Statistics for ML: The 20% That Covers 80% of Use Cases (2026)

M
Mamta Chauhan
Content Creator and AI Enthusiast

What You Actually Need

This isn't a statistics textbook. These are the concepts that come up repeatedly when you're building, evaluating, and debugging ML models.


Probability Fundamentals

Probability Distributions

A distribution describes how likely different values are. The most important ones:

Normal (Gaussian) Distribution

Python
import numpy as np
import matplotlib.pyplot as plt

# Many natural phenomena follow this bell curve
# Parameters: mean (μ) and standard deviation (σ)
data = np.random.normal(loc=0, scale=1, size=10000)

# ~68% of data falls within 1 std dev of mean
# ~95% within 2 std devs
# ~99.7% within 3 std devs (the "three-sigma rule")

plt.hist(data, bins=50, density=True)
plt.title("Normal Distribution")
plt.show()

Why it matters for ML: Model weights in neural networks are often initialized from normal distributions.
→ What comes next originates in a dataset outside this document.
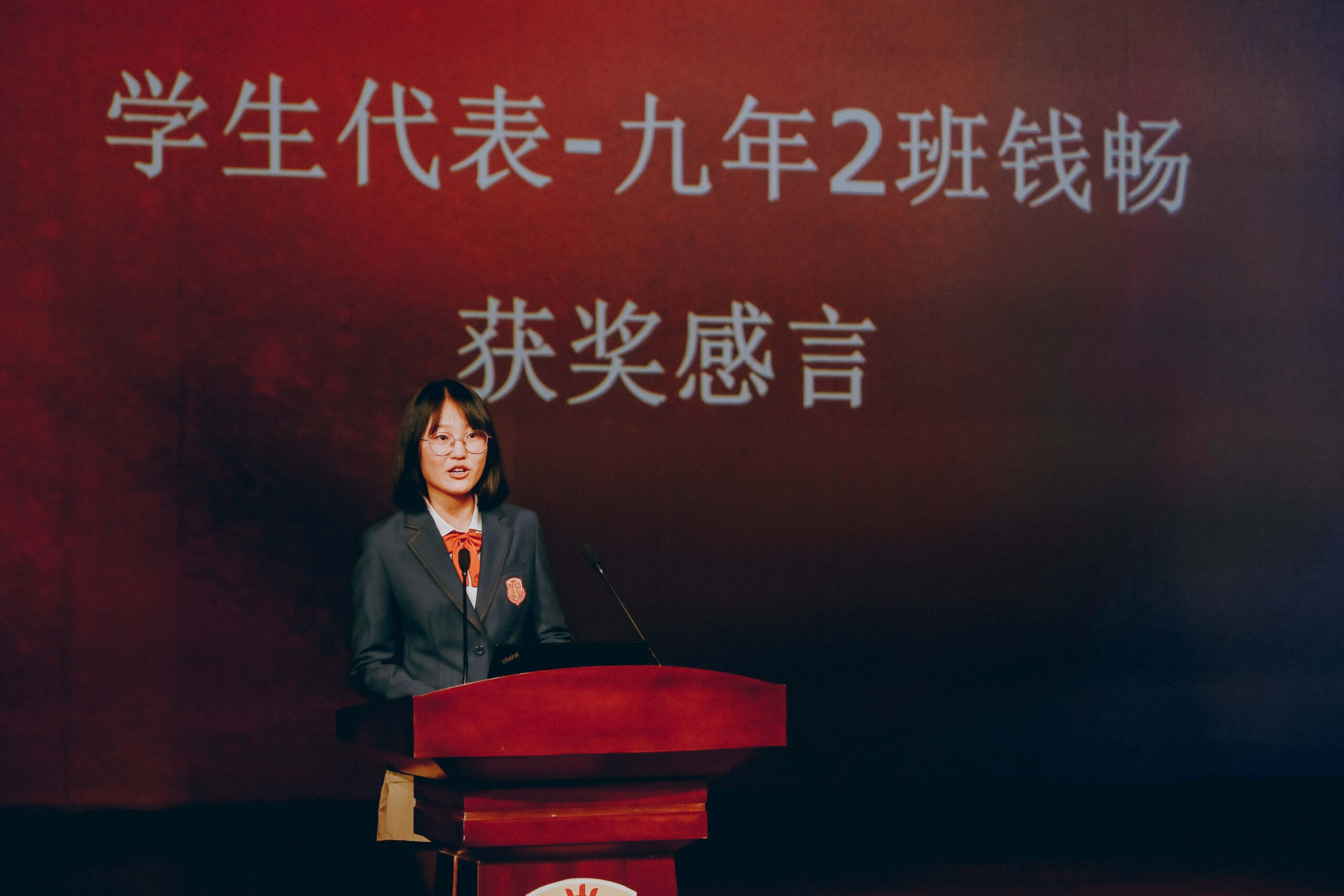 优秀学生钱畅上台发表获奖感言并分享学习心得。钱畅同学还呼吁同学们认真学习,专注学业的同时,还应当注重培养提升自身综合素养,在生活中养成良好的礼仪习惯,成为文明守礼的中学生,共同创建良好的社会风尚。

Residuals (prediction errors) often follow normal distributions in regression.

Bernoulli Distribution — binary outcomes (0 or 1). Probability of a coin flip. Basis of binary classification: the model predicts P(y=1 | x).

Softmax output — converts raw scores to a probability distribution over classes. Each output is between 0–1 and all outputs sum to 1.

Python
import numpy as np

def softmax(logits):
    # Numerically stable softmax
    e = np.exp(logits - logits.max())
    return e / e.sum()

logits = np.array([2.0, 1.0, 0.5, -1.0])   # raw scores for 4 classes
probs = softmax(logits)
print(probs)          # [0.619, 0.228, 0.138, 0.019]
print(probs.sum())    # 1.0

Expected Value and Variance

Expected value (mean) — the average outcome over many trials.
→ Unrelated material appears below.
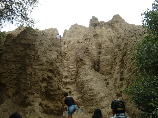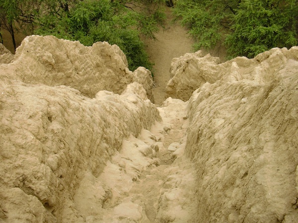 村人D「ここから北へ行くとポマックの森があるぞ」 Bosque de Pomac 13、ペルー 2016年01月11日 今日のご予定:ポマックの森に行って発掘現場を見学 その後 Batangrande バタングランデにて宿泊 フェレニャフェを出て北へ。 ガタガタの道路を通り抜け、町を出る直前で "Museo Sican シカン博物館" があった。 昨日行ってみようか迷ったのだが面倒になって行かなかったところだ。 こんなところにあったのか。 博物館の姿を目にしてしまうとなんだかちょっと行きたくなってくる。 もったいない気持ちになる。 バタングランデからもう一度ここフェレニャフェへ戻るので、博物館はそのときに見学することにしようか。 ↑今はポマックの森へ急ぐのだ 木々がそれなりに生い茂る道を走っていると、ペルー国民の足であるバイクタクシーがブルリンブルリンと音を立ててやってきた。 そして中から、 こんにちはー という叫び声が聞こえた。 日本語で。 目の前で止まるバイクタクシー。 その乗客はすこし日本語が話せるようで、自己紹介をしてくれた。 なぜ日本人だとわかったのだろう。 もしかして、今大声で歌っていた日本語の歌を聞かれてしまったのだろうか。 は、はずかしい。 そんなこともありながら、 小さな村を抜けた先は砂漠、そしてまた木々生い茂る道に入って、 やってきました「ポマックの森」。 RPGとかで使われてそうな名前の森である。 フェレニャフェからはそう遠くなく、2時間もかからずに着くことができた。 ↑ポマックの森攻略マップ。そこは広かった まずは入口にある小屋へ行って10ソル(350円ちょっと)を払い、隣の資料館へ。 「たくさんの生き物たちが棲息しています」 というようなことが写真とともに書かれている。 鳥だけでもざっと1200種はいるらしい。 すごいね。 昔から息づいているおじいちゃん巨木や楽しげな鳥たちを見ながら、ガタガタの道を自転車で走る。 最近ダート走りすぎじゃない? けっこうつらいんですけど。 ただ今回はザックを入口に置かせてもらったので、かなり身軽だ。 そうか、ザックがないだけでこんなに走りやすいものなのか。 普通のチャリダーはこんなに快適に走っているのだな。 Rio la leche(リオラレチェ、牛乳川)というところを発見。 噂はかねがね。 普段は川のあとしか見えないのだけど、12月から水が流れるらしいですよ、この川。 現時点で1月。 川はどうなってるかな〜。 ってカラッカラやないかい! もうパッサパサ!! でも川の跡地の砂が白くなっててちょっときれいだったりする。 ミルキーウェイ。 地図によると、目指す遺跡までは5km以上離れているそうで結構な時間を自転車で走らなくてはいけない。 さっきも言ったが穴ぼこや石だらけの未舗装地である。 ひーん。 でもコンクリートで固めたら自然が壊れてしまうのでよろしくない。 ここは我慢だ。 ↑下についてる看板の重り部分がちゃんとデザインされていて細部にこだわりが見える Huaca del oroとかかれた案内看板にしたがいながら進んでいくこと30分弱。 さきほど見た牛乳川を横切る。 若干地面が濡れているのがわかるだろうか。 水は、水はあったんだ! そこを越えると こんな遺跡が目の前にあらわれてくる。 なんだかボコボコしていてすごい形だ。 要塞みたい。 ちょうどついたときに他の観光客とそのガイドも同時にご到着。 どさくさにまぎれてついていくことにした。 ↑ここ、登れるの? …マジ? 足場の悪い中を登り、見えたのがこちら。 地球いっぱいの森! 地平線の奥までつづく木々。 ビビッドな緑色。 ↑中央に見えるのは別のピラミッドらしい 写真では伝わりづらいが、この大迫力にすこしばかり感動を覚えた。 …あれ? そういえばなんでここに来ようと思ったんだったっけ? たしか金細工が発掘されたから興味を持ったはず…景色を楽しみにきたわけじゃ…… まあいっか。 地面には貝や土器の破片のようなものもたくさん埋まっていたが、誰一人としてそれを気にとめるものはいなかった。 もっと見ていたかったが、ところがどっこい時間がない。 入口のスタッフには5時で閉まることを告げられていたのだ。 早くいかないと荷物がしまわれてしまう。 ↑帰り道。ものっそい急なんですけど… 急いで帰ってギリギリ15分前に戻ることができ、無事ザックを救出。 ここでキャンプができるらしいので聞いていると、キャンプするにはもう10ソルプラスしないといけないそうだ。 んー、それならいいや。 さきへいってどっかの町に泊まりましょ。 と、水だけ買ってポマックの森を出たのだった。 時間がなくてあまりゆっくりできなかったが、ここはかなりのお気に入り。 もう一度行きたいくらいだ。 [1回]PR http://yumenosukoshiato.ichi-matsu.net/per%C3%BA/20160111bosuquedepomacnomori村人D「ここから北へ行くとポマックの森があるぞ」 Bosque de Pomac

Variance — how spread out values are. High variance = high uncertainty.

Standard deviation — √variance, in the same units as your data.

Python
data = np.array([2, 4, 4, 4, 5, 5, 7, 9])

print(f"Mean:  {data.mean():.2f}")     # 5.0
print(f"Std:   {data.std():.2f}")      # 2.0
print(f"Var:   {data.var():.2f}")      # 4.0

# For model predictions
predictions = np.array([0.9, 0.7, 0.85, 0.6, 0.95])
print(f"Avg confidence: {predictions.mean():.2f}")
print(f"Confidence spread: {predictions.std():.2f}")

Bias-variance tradeoff — a fundamental ML concept:

  • High bias (underfitting): model too simple, misses patterns
  • High variance (overfitting): model too complex, memorizes training data
  • Goal: minimize both

Bayes' Theorem

The most important formula in probabilistic ML:

plaintext
P(A|B) = P(B|A) × P(A) / P(B)

In English: "Given that B happened, what's the probability of A?"

Practical example — spam filter:

Python
# Prior: 30% of emails are spam
p_spam = 0.30

# Likelihood: "free money" appears in 80% of spam, 2% of ham
p_word_given_spam = 0.80
p_word_given_ham  = 0.02

# P(word) = P(word|spam)*P(spam) + P(word|ham)*P(ham)
p_word = p_word_given_spam * p_spam + p_word_given_ham * (1 - p_spam)

# Posterior: P(spam | word)
p_spam_given_word = (p_word_given_spam * p_spam) / p_word
print(f"P(spam | 'free money'): {p_spam_given_word:.2%}")  # 94.5%

Bayesian thinking appears in many places: Naive Bayes classifiers, Bayesian optimization for hyperparameter tuning, uncertainty estimation.


Correlation and Causation

Correlation measures the linear relationship between two variables (range: -1 to +1).

Python
import pandas as pd

df = pd.DataFrame({
    "study_hours": [1, 2, 3, 4, 5, 6, 7, 8],
    "test_score":  [50, 55, 60, 65, 70, 75, 80, 85],
    "shoe_size":   [9, 8, 10, 7, 9, 8, 10, 9],  # irrelevant
})

print(df.corr(numeric_only=True))
# study_hours ↔ test_score: ~0.99 (strong positive correlation)
# shoe_size ↔ test_score: ~0.0 (no correlation)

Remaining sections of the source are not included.